BigData Investigation 5 – MapReduce with Python and Hadoop Streaming

In this post I will explain the Hadoop Streaming utility. Hadoop Streaming uses executables or scripts to create a MapReduce job and submits the job to a Hadoop cluster. Hadoop’s programming model is called MapReduce. In a previous post I have explained MapReduce using a Unix pipe which includes two Python scripts and a few Linux commands. In this post I will use the same Python scripts and Hadoop Streaming to run them as MapReduce job on a Hadoop cluster.

In hindsight the creation of this post was the most difficult so far. I am using the Hadoop Book as travel guide for my BigData Investigation. The book provides an example for running Ruby scripts on Hadoop, but I failed to run it on my Hadoop cluster. Meanwhile I understand that the Hadoop cluster of my setup was configured in Pseudo-Distributed Mode but the example requires a Hadoop cluster in Standalone (Local) Mode. I will explain the different Hadoop cluster modes in the next post.

I recommend that you read my introduction in MapReduce (BigData Investigation 4 – MapReduce Explained), before you continue to read this post. In the MapReduce Explained post I have analyzed the sample data and the Python scripts which are illustrated in the Hadoop Book and executed them in a Unix pipe. The example provides different scripts for map (max_temperature_map.py) and reduce (max_temperature_reduce.py). For your convenience I am copying here the output of the Unix pipe. See the MapReduce Explained post for details.

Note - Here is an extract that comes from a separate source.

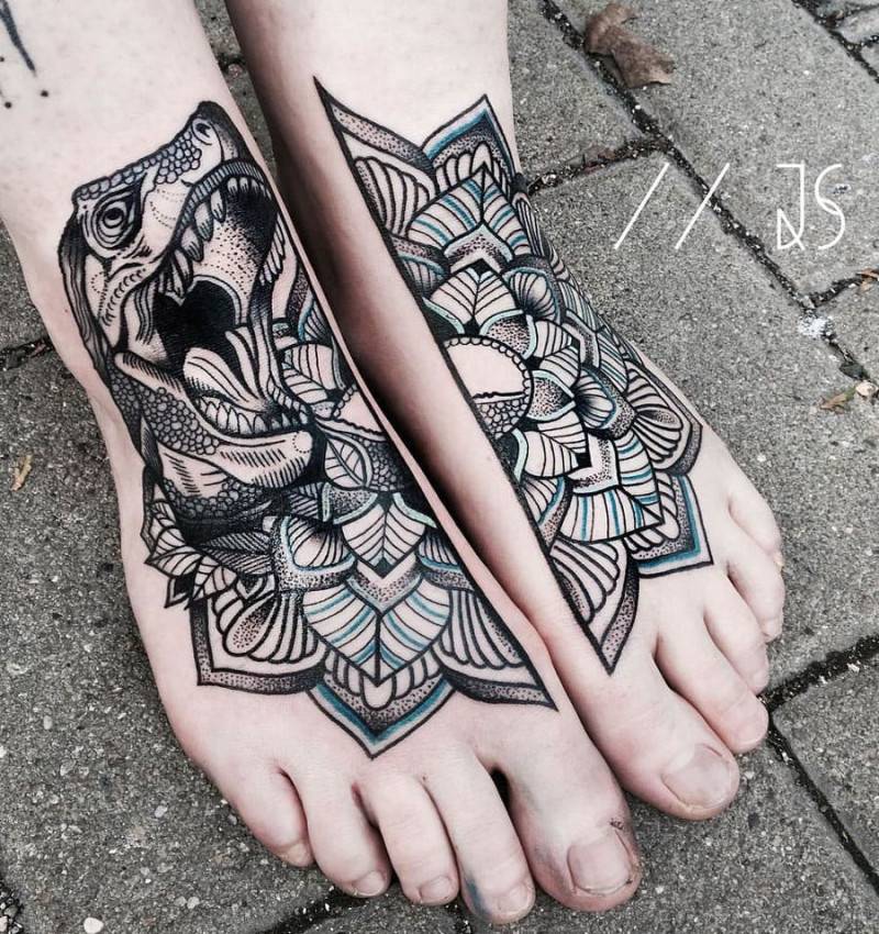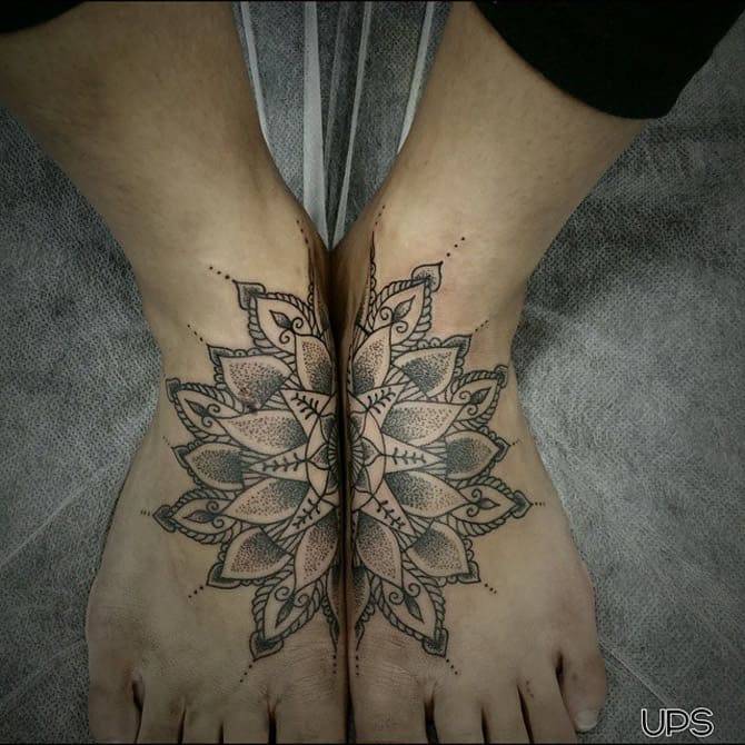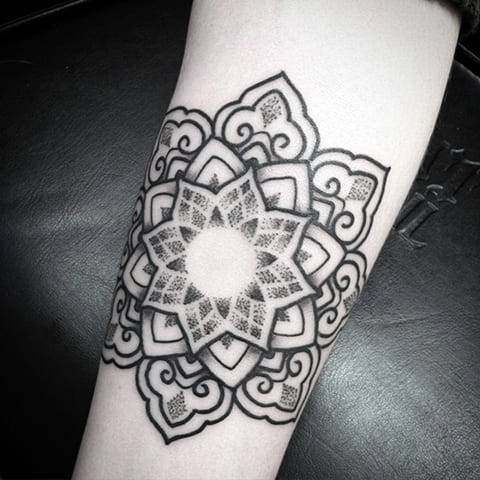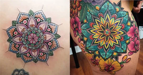 Нередко представители обоих полов отдают предпочтение татуировкам с изображением мандалы. Такой рисунок собой представляет круг, в котором расположен квадрат. В центре изображается символ поклонения. Такая татуировка олицетворяет гармонию и упорядоченность мира, а также внутреннее спокойствие. Подобный нательный рисунок является оберегом для своего обладателя, и является татуировкой оберегом.

[cloudera@quickstart hadoop-book]$ cat input/ncdc/sample.txt | \
ch02-mr-intro/src/main/python/max_temperature_map.py | \
sort | \
ch02-mr-intro/src/main/python/max_temperature_reduce.py
1949    111
1950    22

[cloudera@quickstart hadoop-book]$

For this post I use the Cloudera QuickStart VM. Login to the VM (user: cloudera, password: cloudera) and get the examples and the sample data of the Hadoop Book.

login as: cloudera
cloudera@127.0.0.1's password:
Last login: Mon Aug 29 13:12:04 2016 from 10.0.2.2

[cloudera@quickstart ~]$ git clone https://github.com/tomwhite/hadoop-book.git 
Initialized empty Git repository in /home/cloudera/hadoop-book/.git/
remote: Counting objects: 4931, done.
remote: Total 4931 (delta 0), reused 0 (delta 0), pack-reused 4931
Receiving objects: 100% (4931/4931), 2.59 MiB | 59 KiB/s, done.
Resolving deltas: 100% (1975/1975), done.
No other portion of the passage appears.